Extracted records
════
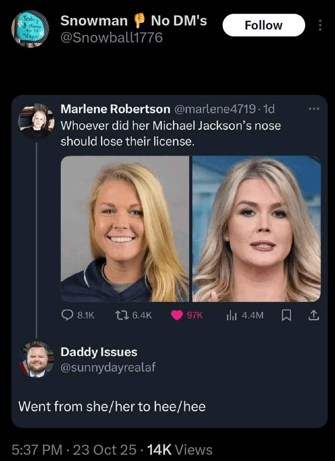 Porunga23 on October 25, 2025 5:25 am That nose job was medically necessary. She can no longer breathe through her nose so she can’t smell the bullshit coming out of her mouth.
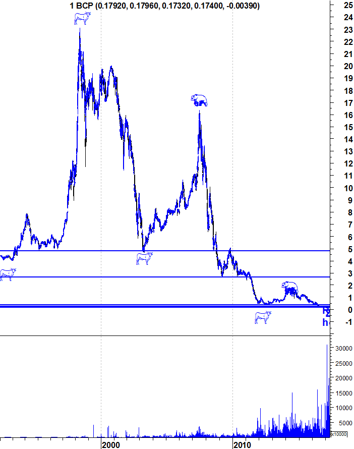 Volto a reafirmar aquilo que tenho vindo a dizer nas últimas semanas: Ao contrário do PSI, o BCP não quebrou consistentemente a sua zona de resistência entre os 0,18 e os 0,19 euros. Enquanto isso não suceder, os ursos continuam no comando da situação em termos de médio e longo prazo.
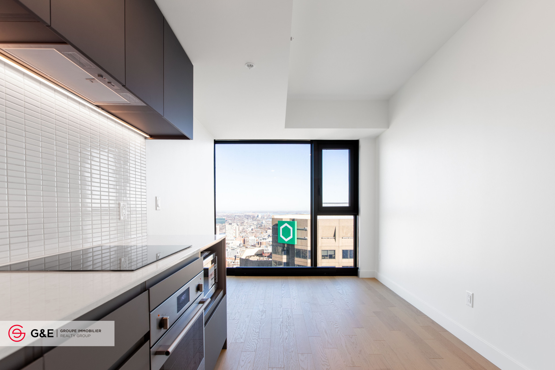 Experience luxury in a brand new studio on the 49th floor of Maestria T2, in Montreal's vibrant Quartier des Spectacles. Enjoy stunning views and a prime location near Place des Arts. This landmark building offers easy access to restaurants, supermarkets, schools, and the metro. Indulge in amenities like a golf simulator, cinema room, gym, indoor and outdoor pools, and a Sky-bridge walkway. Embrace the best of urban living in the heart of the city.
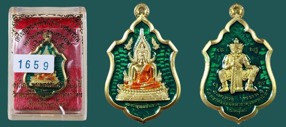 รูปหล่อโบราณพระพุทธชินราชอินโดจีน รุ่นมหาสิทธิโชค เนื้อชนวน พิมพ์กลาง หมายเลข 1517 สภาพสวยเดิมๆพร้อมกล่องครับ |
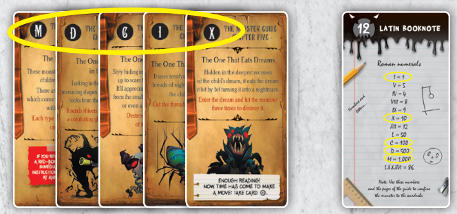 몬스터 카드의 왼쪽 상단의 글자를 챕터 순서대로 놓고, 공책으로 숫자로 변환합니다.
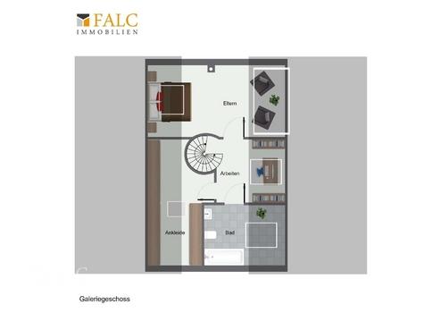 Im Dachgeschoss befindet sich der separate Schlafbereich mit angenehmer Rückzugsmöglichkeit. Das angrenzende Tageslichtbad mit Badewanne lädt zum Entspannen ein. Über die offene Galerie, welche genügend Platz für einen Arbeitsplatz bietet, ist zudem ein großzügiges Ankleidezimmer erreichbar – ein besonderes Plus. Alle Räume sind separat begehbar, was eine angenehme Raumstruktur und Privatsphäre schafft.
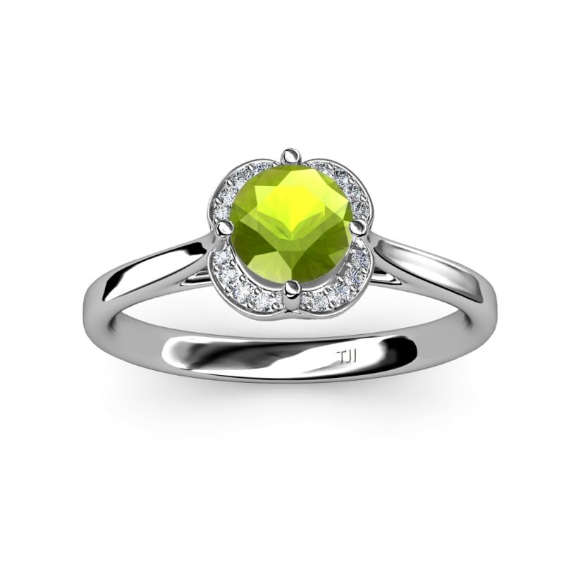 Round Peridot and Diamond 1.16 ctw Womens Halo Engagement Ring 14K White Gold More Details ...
════
→ **What to do**
Reproduce the data above word for word from its first line through the line that holds "Volto a reafirmar", both ends included; skip pictures.

→ **Solution to this exercise**
 Porunga23 on October 25, 2025 5:25 am That nose job was medically necessary. She can no longer breathe through her nose so she can’t smell the bullshit coming out of her mouth.
 Volto a reafirmar aquilo que tenho vindo a dizer nas últimas semanas: Ao contrário do PSI, o BCP não quebrou consistentemente a sua zona de resistência entre os 0,18 e os 0,19 euros. Enquanto isso não suceder, os ursos continuam no comando da situação em termos de médio e longo prazo.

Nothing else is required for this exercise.